# I went off on her last night



## BeachGuy (Jul 6, 2011)

The past 4 or 5 months we haven't discussed issues or argued really. I think we both are tired of it and just threw in the towel until the divorce is over. She never was an arguer. Would pretty much sit and listen to me fuss and not say a word.

So this weekend my 11 year old and I went up to grandma's for the weekend and had a really good time. We drove a relative to the airport on the way home last night and got home at 6:30 after an hour and a half in the car. There she is, sitting on the couch watching tv. Nothing on the stove, nothing planned for dinner. I was in no way surprised but it just rubbed me wrong. She's been home all weekend and nothing. Around 7:30 my kids start asking ME what's for dinner and say they're starving. At this time stbx is on the phone chatting. Reminder, she's a stay at home parent and refuses to get even a part time job. So I ordered a pizza and by now I'm fuming. 

I went off on her (not in front of the kids) about how if she ever wanted one big reason that I want out of the marriage this is a perfect example. Here it is 8:00 at night and her kids are starving and she's been there all day and she's ignoring them, chatting on the phone. My oldest even asked HER to order the pizza and she said "Ok, but it'll have to wait until I get off the phone." Are you f'ing kidding me??? I said several other things I've managed to hold back over the last year or two. I'm not sure how I feel about it this morning. I usually feel some guilt but this time I don't. I'm working from home today and you could cut the tension around here with a knife right now.

She loves her kids more than life. She keeps them respectably dressed, takes care of all their school stuff, drives them where they need to be....how in the hell does she not feed them on time? If I'm not here to do it, it doesn't get done.


----------



## Mavash. (Jan 26, 2012)

Anger is good. 

I have to say in your other posts you painted her as the model parent but sucky wife. So she's not a perfect mother after all?


----------



## ThreeStrikes (Aug 11, 2012)

Did she eat pizza?


----------



## Conrad (Aug 6, 2010)

ThreeStrikes said:


> Did she eat pizza?


I wouldn't have given her any.


----------



## BeachGuy (Jul 6, 2011)

Yes she took her pizza and went and ate in solitude. I never meant to paint her as the perfect mother because I never thought that. She is a good mother in some ways but certainly not most. She's just a dang ding bat. Dinner for the kids never entered her mind because SHE wasn't hungry. If I hadn't been here she would've sat there until the kids went to her and said they were starving. And she would've said "oh, well what do you want for dinner?" At 8:00 at night.

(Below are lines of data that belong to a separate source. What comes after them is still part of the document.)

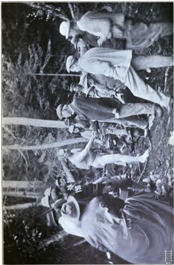
BREAKING THE LAST LINK. ENTERING THE WOODS AT THE FOOT OF SPENCER TRAIL, AUGUST 4, 1913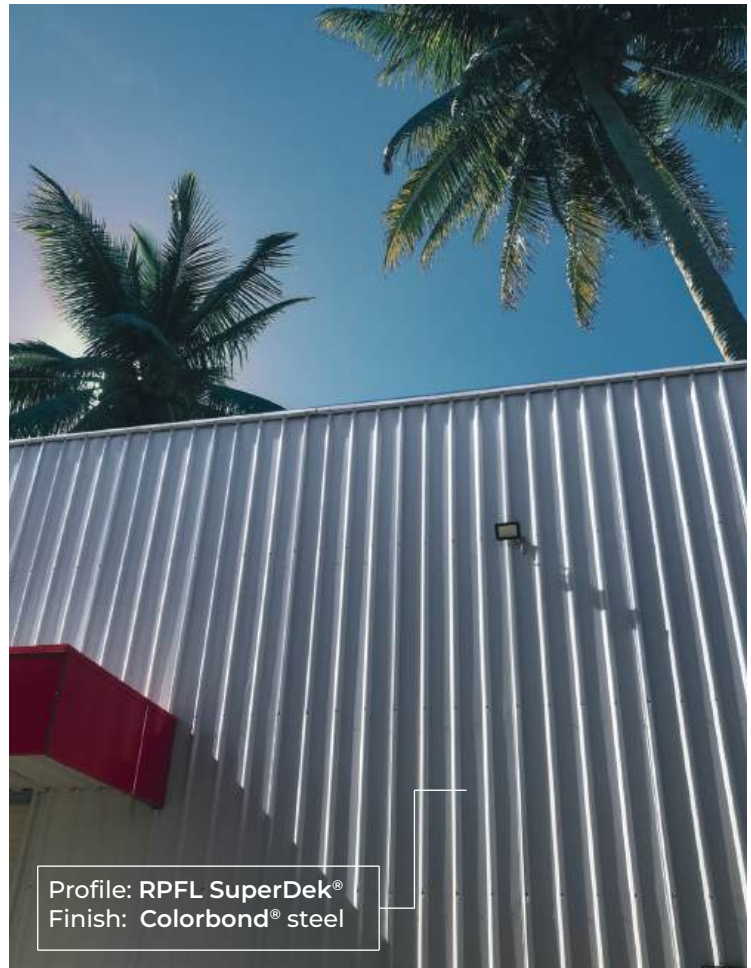
Profile: RPFL SuperDek® Finish: Colorbond® steel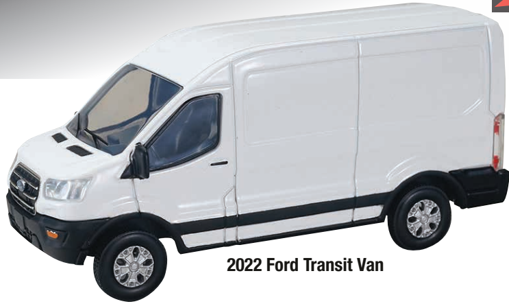
2022 Ford Transit Van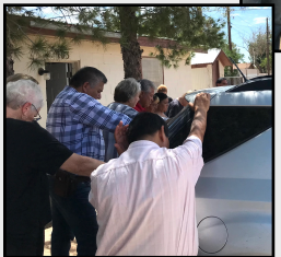
Praying over vehicles for safe crossing into Mexico

Thank you for each person who helped us bless so many children with the opportunity to go to school this year!

It's just insane how scatter brained she is. To the point that it negatively affects others.


----------



## ThreeStrikes (Aug 11, 2012)

BeachGuy said:


> Yes she took her pizza


This pretty much sums things up.

Why should she take care of dinner? She's got you trained, ya know?

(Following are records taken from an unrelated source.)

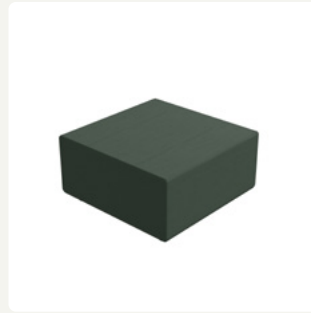
ML30 Square pouf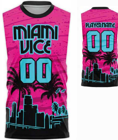
Flag Football Uniform FC- 179

Flag Football Uniform made of 100%Polyester and Custom This uniform is made from hard wearing poly material with Customized Design Silk printing , Sublimation, Embroidery with high ribbed collar, with all size and colors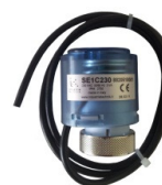
Manifold Electrothermic Actuator 230V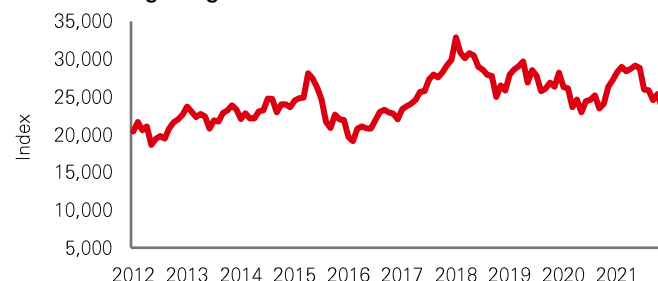
Table 2. Hang Seng index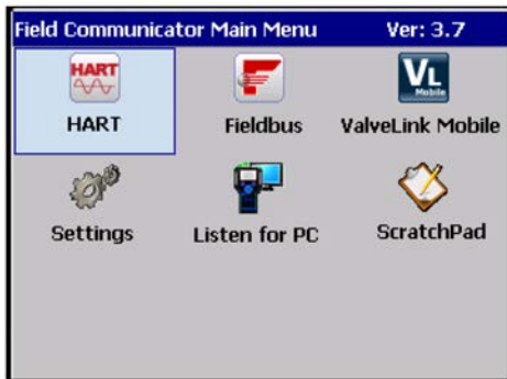
Figure 1. 475 Field Communicator Menu Screen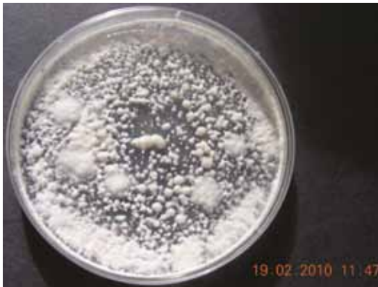
Figure 9. Mycelium of Geotrichum candidum (PDA)

(Gente et al., 2006). Mycelium of Geotrichum candidum on PDA and under a light microscope (LM) are shown in figures 9 and 10 respectively.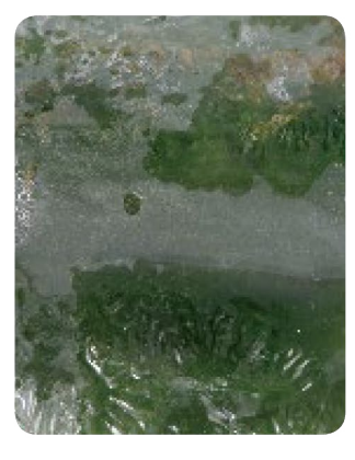
Moisture under plastic wrap can occur from sprayers/ water damage or chill injury and promotes decay.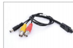
Audio and video adapter cables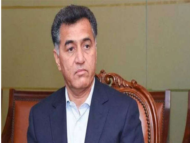
File Photo: Lt General (R) Faiz Hameed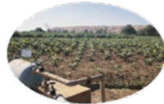
Drip & Sprinkler Irrigation Systems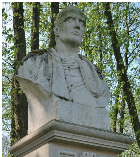
Monument commemorating Lucian of Samosata from Nordkirchen, Germany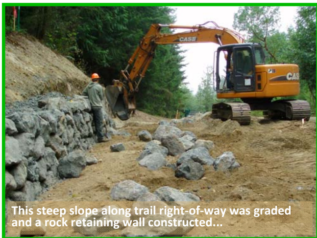
This steep slope along trail right-of-way was graded and a rock retaining wall constructed...

With this segment completed, Public Works will prepare for the next trail development project as funds allow. Thanks to the 2009 grant from RCO and Federal Enhancement Grant funds, trail right-of-way has been acquired from the trail's intersection with S. Discovery Rd to its terminus near Milo Curry Rd. When complete, the non-motorized Larry Scott Trail will extend eight miles from the City of Port Townsend to the Four Corners area.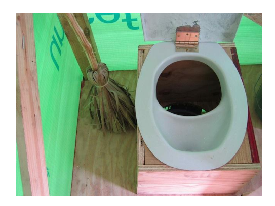
Photograph 3. Fibreglass UD seat made in Port au Prince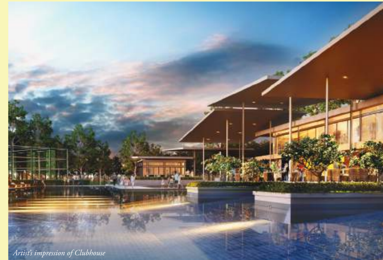
Artist's impression of Clubhouse

Within easy reach of the CLERMONT offers a wide array of amenities which will define the exuberant lifestyle of its residents.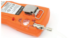
MGC Pump Quick Disconnect* Part# MGC-PUMP-QD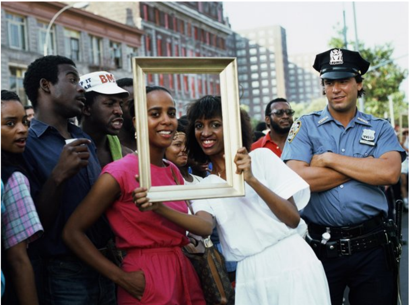
Art Is... (Woman with Man and Cop Watching) , 1983/2009. Chromogenic color print, 16 x 20 in.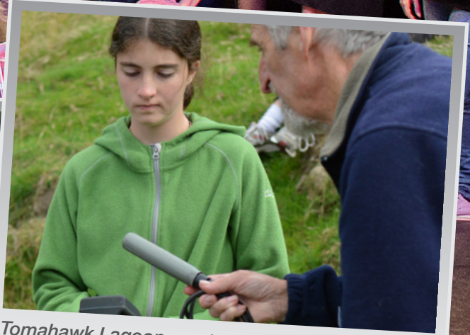
Tomahawk Lagoon - water quality project

And you came through, just like she intended.

Stop. Being. A. Doormat.


----------



## BeachGuy (Jul 6, 2011)

ThreeStrikes said:


> This pretty much sums things up.
> 
> Why should she take care of dinner? She's got you trained, ya know?
> 
> ...


I'm not supposed to feed my kids? I'm supposed to stand in between her and the pizza boxes and say no, you can't have any? What is this, high school?

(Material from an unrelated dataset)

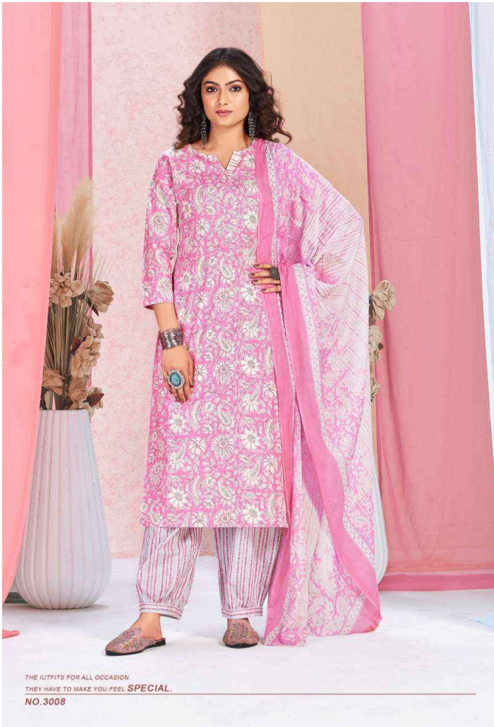
THE IUTFITS FOR ALL OCCASION THEY HAVE TO MAKE YOU FEEL SPECIAL . NO. 3008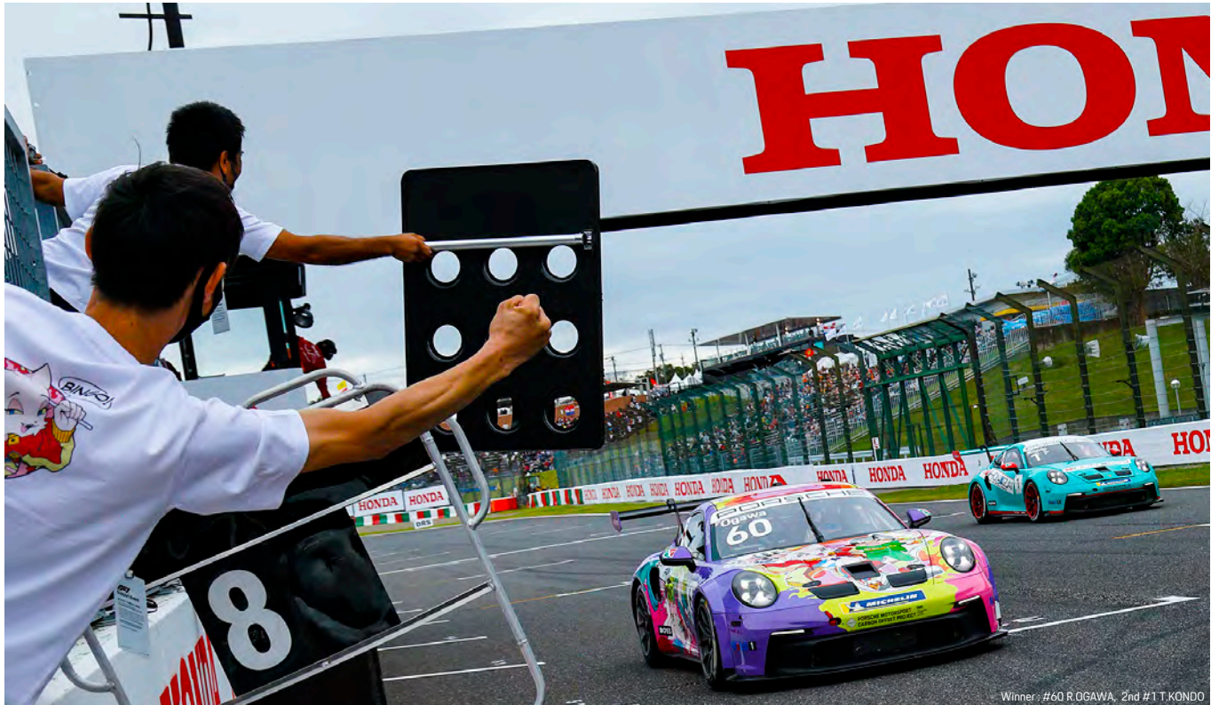
Winner: #60 R. OGAWA, 2nd #1 T. KONDO

Track condition: Cloudy / Dry, Air temp. 20°C, track temp. 23°C

I'm. Not. Being. A. Doormat. I. Filed. For. Divorce.


----------



## Mavash. (Jan 26, 2012)

What happens after you divorce and you aren't there to feed the kids?


----------



## ThreeStrikes (Aug 11, 2012)

BeachGuy said:


> I'm not supposed to feed my kids? I'm supposed to stand in between her and the pizza boxes and say no, you can't have any? What is this, high school?
> 
> I'm. Not. Being. A. Doormat. I. Filed. For. Divorce.


So why are you feeding her?

Yes. You ordered the pizza. You paid for it. It was for the kids.

She gets none. Zip. Nada.

She didn't order it because she knew you would take care of it.

She's not the ding-bat you think she is.


----------



## ThreeStrikes (Aug 11, 2012)

Did you really come to this forum to say:

"MY STBX is so scatter-brained it makes me fume." ?

That's all? Really?

We call'em like we see'em here in the Divorce forums. 

Be prepared for blunt advice and opinions.


----------



## BeachGuy (Jul 6, 2011)

ThreeStrikes said:


> Did you really come to this forum to say:
> 
> "MY STBX is so scatter-brained it makes me fume." ?
> 
> ...


I've told my story many times here. Several people know it. See how many posts I've made? Trust me, I know how harsh these boards can be. I would've never filed had it not been for a few folks here.


----------



## BeachGuy (Jul 6, 2011)

Mavash. said:


> What happens after you divorce and you aren't there to feed the kids?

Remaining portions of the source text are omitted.